Complex Regional Pain Syndrome

Complex regional pain syndrome (CRPS) is the new title that has been advocated for reflex sympathetic dystrophy syndrome and causalgia by the International Association for the Study of Pain. A new taxonomy has been suggested because not all cases have "sympathetic maintained pain" (SMP), and not all cases demonstrated dystrophy.

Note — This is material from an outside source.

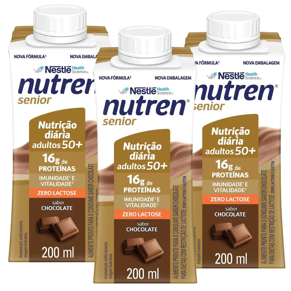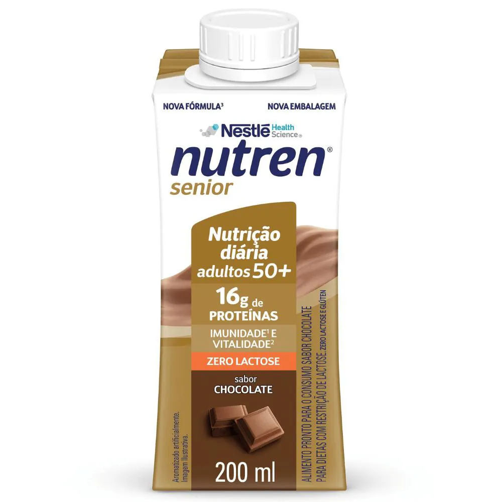O Nutren Senior Pronto 200ml é um suplemento nutricional desenvolvido especialmente para adultos acima de 50 anos que desejam manter força, energia e qualidade de vida no dia a dia. Sua fórmula contém 16g de proteína por unidade, além de cálcio e vitamina d, nutrientes fundamentais para a manutenção da massa muscular e saúde óssea. Também oferece 19 vitaminas e minerais que auxiliam no funcionamento do organismo, incluindo vitaminas do complexo B, vitamina c e zinco. Prático e pronto para consumo, não precisa de preparo. Basta abrir e beber. Ideal para complementar a alimentação, especialmente para quem possui rotina corrida, baixa ingestão proteica ou precisa reforçar a nutrição diária. Uma solução equilibrada, prática e nutritiva para apoiar um envelhecimento mais ativo e saudável. • ? 16g de proteína por unidade: ajuda na manutenção e recuperação da massa muscular, essencial após os 50 anos. • ? Cálcio + Vitamina D: contribuem para a saúde dos ossos e músculos, auxiliando na mobilidade e qualidade de vida. • ?️ 19 vitaminas e minerais: fórmula completa com vitaminas do complexo B, vitamina C e zinco para suporte imunológico e energia diária. • ? Pronto para beber – praticidade total: embalagem Tetra Slim 200ml, ideal para levar na bolsa, consumir entre refeições ou complementar a alimentação. • ? Zero lactose e sem glúten: opção adequada para intolerantes à lactose (não é isento de leite). Esse produto não é um Medicamento, não tem como objetivo auxiliar no tratamento, cura ou combate de qualquer doença

These conditions usually follow a precipitating injury that does not heal as expected, and is often accompanied by unrelenting pain that is out of proportion to the initial injury.

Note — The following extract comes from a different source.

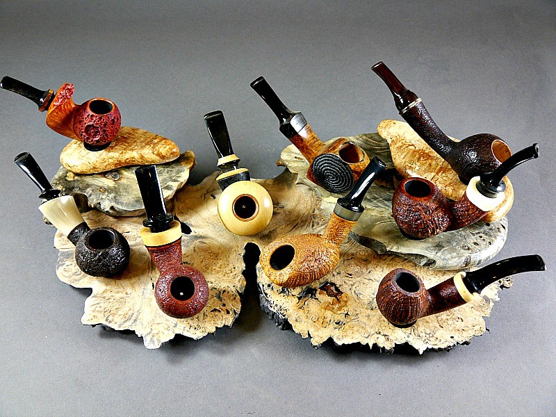 First Naturals large stand for 2015. Lightly dyed Maple Burl, Buckeye Burl and Maple Burl.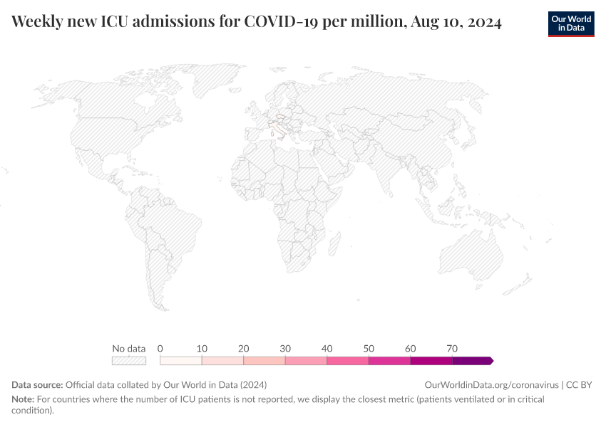 - Hospital and ICU data are sourced from official providers and collated by Our World in Data, but no new datapoints have been added since 13 August 2024.

There have been two categories of CRPS described: Type I, and Type II. Sympathetic maintained pain (SMP) may or may not be found in association with CRPS, and is characterized by pain that is maintained by sympathetic innervation or circulating catecholamines. SMP can be abolished by sympatholytic agents.

Complex Regional Pain Syndrome, Type I

CRPS Type I is a syndrome that develops after a precipitating noxious injury or event. It is not limited to any particular nerve and tends to extend regionally beyond the focal area of injury. It may be associated with any or all of the following: edema, vasomotor disturbances, allodynia, hyperesthesia, and sudomotor dysfunction. It may follow a fracture, soft tissue injury, or even immobilization from angina or stroke. The symptoms typically start about one month after the precipitating injury or event, and is often described as burning and unrelenting pain exacerbated by movement and light touch. Abnormalities in blood flow can occur and may include changes in skin temperature and color, making infrared thermal imaging and triple phase bone scans useful lab tests in identifying CRPS. Atrophy of the skin, nails, and hair may be seen with hyper or hypohydrosis. Edema is usually present with loss of joint mobility. Impaired motor function with tremors and weakness can be observed as well.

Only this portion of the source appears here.